Slobber On My YOB

Mike Scheidt, the Black Mastermind behind YOB, gives mass and weight to sound waves. And I’m pretty sure that defies one or two of the laws of physics, which means that he’s doing something supernatural. Which makes sense, because I’ve always considered YOB to be a sort of spiritual, transcendental experience. Not that I believe in any of that crap, but as far as music goes, I believe Yob comes the closest to making the unreal live.
I do know that YOB + pot brownies = total out-of-body experience, but I don’t know if that proves anything as far as other dimensions are concerned. I’m still trying to run it by Stephen Hawking, but he won’t talk to me. Mike Scheidt, on the other hand, was willing, and the release of Atma in five days seemed as good a reason as any to call him up and probe him on his theories of doom.

We started with the early days, before YOB was God. Mike: “Well, back then there wasn’t as much [doom], and it was beyond underground. There was Trouble and Candlemass, and everybody knew them, and I heard the Obsessed on Metal Massacre Six, I think. I was 13 or 14, and we used to skate to that comp, and I loved their song. It was the stoner Sabbathy track. But I didn’t even know of doom as a genre then. When I picked up Forest of Equilibrium I couldn’t get into it. I was like, ‘Oh man, this is what Lee Dorrian’s doing now?!’ I was into Napalm Death. I listened to punk, grind, death. That’s what I grew up on. Then in ’92 I saw Cathedral when I went to see Napalm and Carcass. I didn’t care about Cathedral. I was in the back when they started, but in 10 minutes I was at the front of the stage. That show changed my life.

“By ‘96 I’m listening to early Sleep and Electric Wizard and nobody knew about it. I said, ‘Alright, I want to write an album like this,’ and nobody got it. I’d be giving out tons of albums and tapes. I’d have these drummers and I’d have to tell them, ‘Too fast, too fast… slow down, slow down.’

“Finally in ’99, I was just trying to put out a demo for myself. I got my friend Greg Ocon to play drums as a favor, who was actually a friend from high school. I said, ‘Can you just do this for me, please? Just do what I ask, please: slow down! So, I loaded him up with CDs and tapes and we practiced for two weeks and recorded it. Stonerrock.com had just gone up, and I sent them the demo and they loved it. And that’s where it really started off. Suddenly friends who blew me off as a lunatic said, ‘Oh, hey, maybe that is pretty good!’

About the earlier music itself, Mike explains, “My original intent in YOB was to be heavy but be interesting, like doom for ADD. We definitely have some droning, but it always has some shift or change that releases the tension a slow riff creates.

“In early YOB, with the vocals especially, I wrote way beyond my ability. I’d be in the studio singing for five or six hours just to get one take.
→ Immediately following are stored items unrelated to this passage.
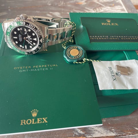 Eskeny og ubrukt Rolex GMT-Master II med referansenr 126713GRNR. Her finner du ikke en eneste ripe eller hairline. Ikke justert til hånd.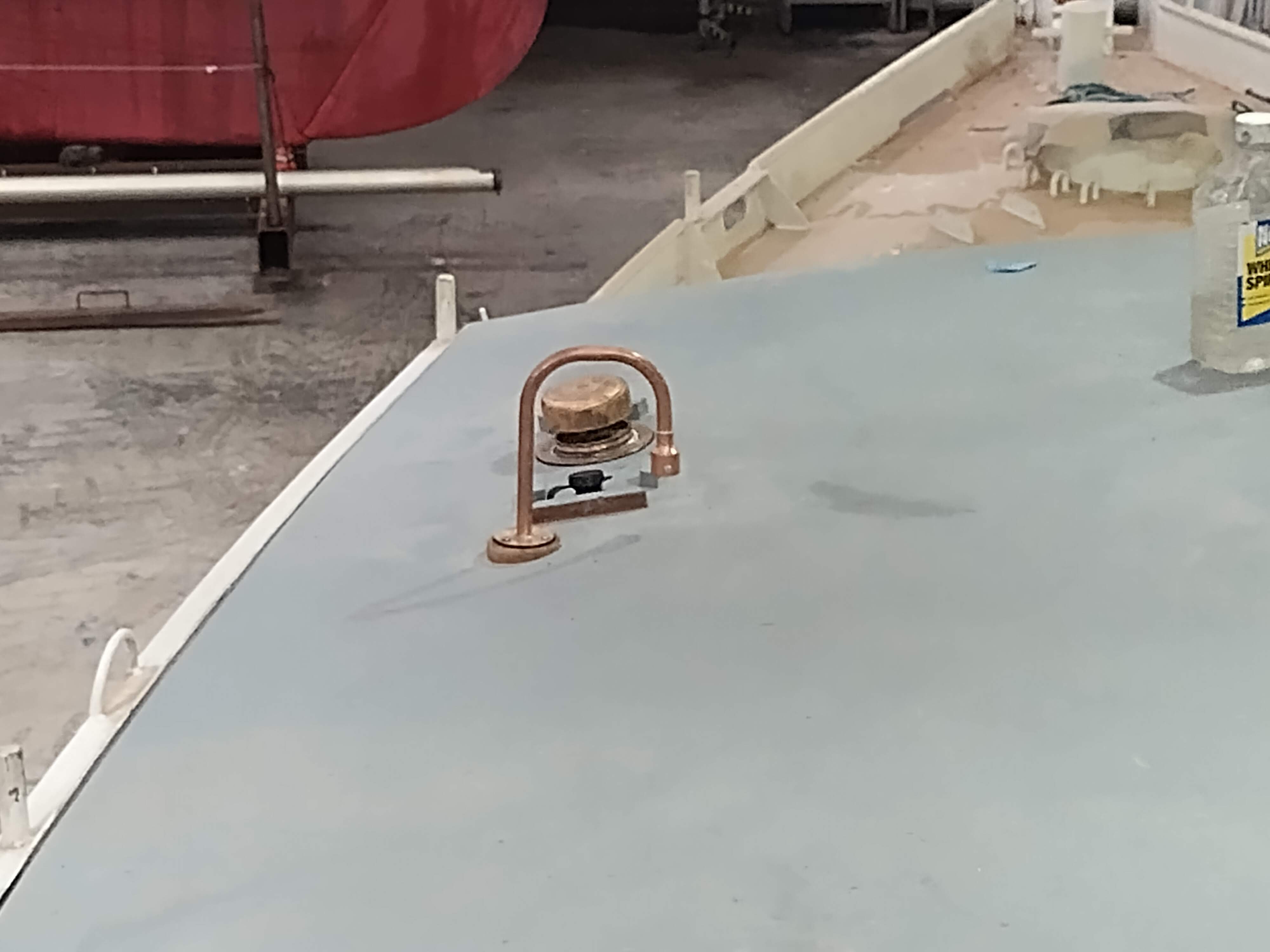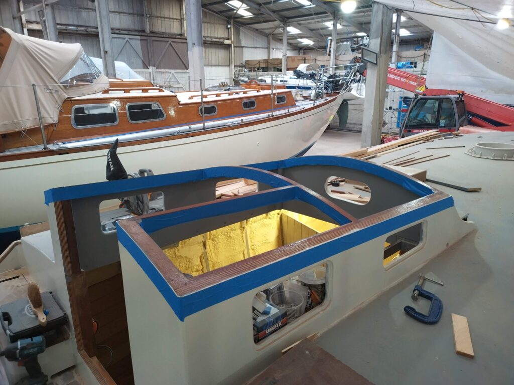 Next came the layer of glassfibre to strengthen and protect the ply – this was one layer of 450gsm woven roving. Again, a “primer” layer of resin came first, then once that had gone tacky, more resin was applied and the cloth itself, then even more resin, squeegeed into the weave to ensure full saturation. Once cured, a wash (warm soapy water followed by fresh water gets the amine off), then a sand (more itchy dust), and more epoxy followed. After another sand, the weave of the cloth was still evident, so my next coat of resin included some low density filler powder to fair out the weave. More sanding, then voila, a smooth roof, ready for some paint. I gave it a couple of good coats of high-build epoxy primer, then after more sanding, I applied a coat of topcoat to the top edges of the doghouse sides (to match the rest), and at the same time, finally gave the waiting Dorade boxes a first topcoat. These will get a second coat before they can be finally fitted with their cowls and the forward ones with the nav lights. Then, before they can be attached to the deck, the deck itself will need a couple of topcoats (with non-slip), so this may be a good job to tackle next time I’m home. The deck will receive a final topcoat right before the boat leaves the shed, as there will between now and then be lots more interruptions, holes cut, epoxy spilt and general mess made, but at least with a couple of coats I can start fixing things to the deck in earnest, progressing the deck fit-out as well as down below.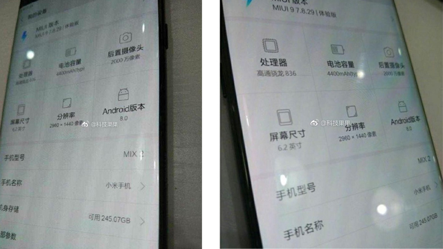 GizChina रिपोर्ट के मुताबिक, Weibo पर Mi Mix 2 की दो नई फोटोज सामने आई हैं। फोटोज के मुताबिक, यह फोन एंड्रॉयड 8.0 Oreo पर काम करेगा जिसपर MIUI 9 की स्कीन दी गई है। यह फोन स्नैपड्रैगन 836 चिपसेट से लैस होगा। अगर ऐसा होता है तो यह दुनिया का पहला फोन होगा जो क्वालकॉम स्नैपड्रैगन के लेटेस्ट प्रोसेसर के साथ आएगा। साथ ही इसमें 4000 एमएएच की बैटरी दी गई होगी। इसमें 6.2 इंच का एमोलेड डिस्प्ले दिया गया होगा जिसका पिक्सल रेजोल्यूशन 2960x1440 है। फोटोग्राफी के लिए इसमें 20 मेगापिक्सल का रियर कैमरा दिया जा सकता है।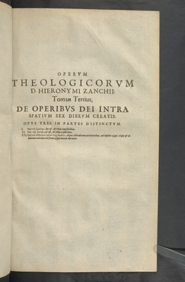 De Operibvs Dei Intra Spativm Sex Diervm Creatis : Opvs Tres In Partes Distinctvm. I. [...], hoc est, de rebus inuisibilibus. II. [...], id est, de rebus visibilibus. III. [...], déque aliis ad eum pertinentibus, ad lapsum vsque: eòque & de humano connubio ad finem vsque mundi duraturo

Now I can go in there and get five or six takes to choose from, and we can pick the best one. Same thing with my solos. I can lay down five and we can see which one has the intensity or the feeling.

Next line of questioning. Last time I saw YOB, there was a legitimate pit. I was, of course, bent over the stage with the headbangers, but I took a punch or two, and I wondered: do a lot of people get punched in the noggin during a YOB set?

“Ah, the doom pit! I know it’s weird, but it I see it all the time. It happens often during the heavy bludgeon. Something with real menace, like when we play “Grasping Air,” I’ll see this slow-motion contact and movement in the pit. And I grew up in the punk scene, that’s where I came from, so I love to see it.”

As for the new record and the idea of Atma, Mike says, “The concept of Atma, the way it makes sense to me, it’s [a] Hindu term that means the self, the individual, but also all the change, all of the past-lives that…” He pauses to think, “Like, you’re not the same person you were five years ago, that’s not you now, but that was still you, and that’s still inside you somewhere, and [Atma] is all of those lives at once, too, so the higher self. And the totality of self-hood: every tree, every rock, every set of eyes, every set of ears, every mouth…” He went on, and it was fucking enlightening, but I just couldn’t write fast enough to keep up.

About adding weight to sound, Mike could only elaborate so far. “I don’t write songs ’til I hone in on the vibe. I won’t just start putting riffs together. I write riffs all day long, and I think a lot of guitar players do that, but riffs do not write records. Once I start feeling a vibe, or I try to find that energy, and then I’ll start building the song around it.”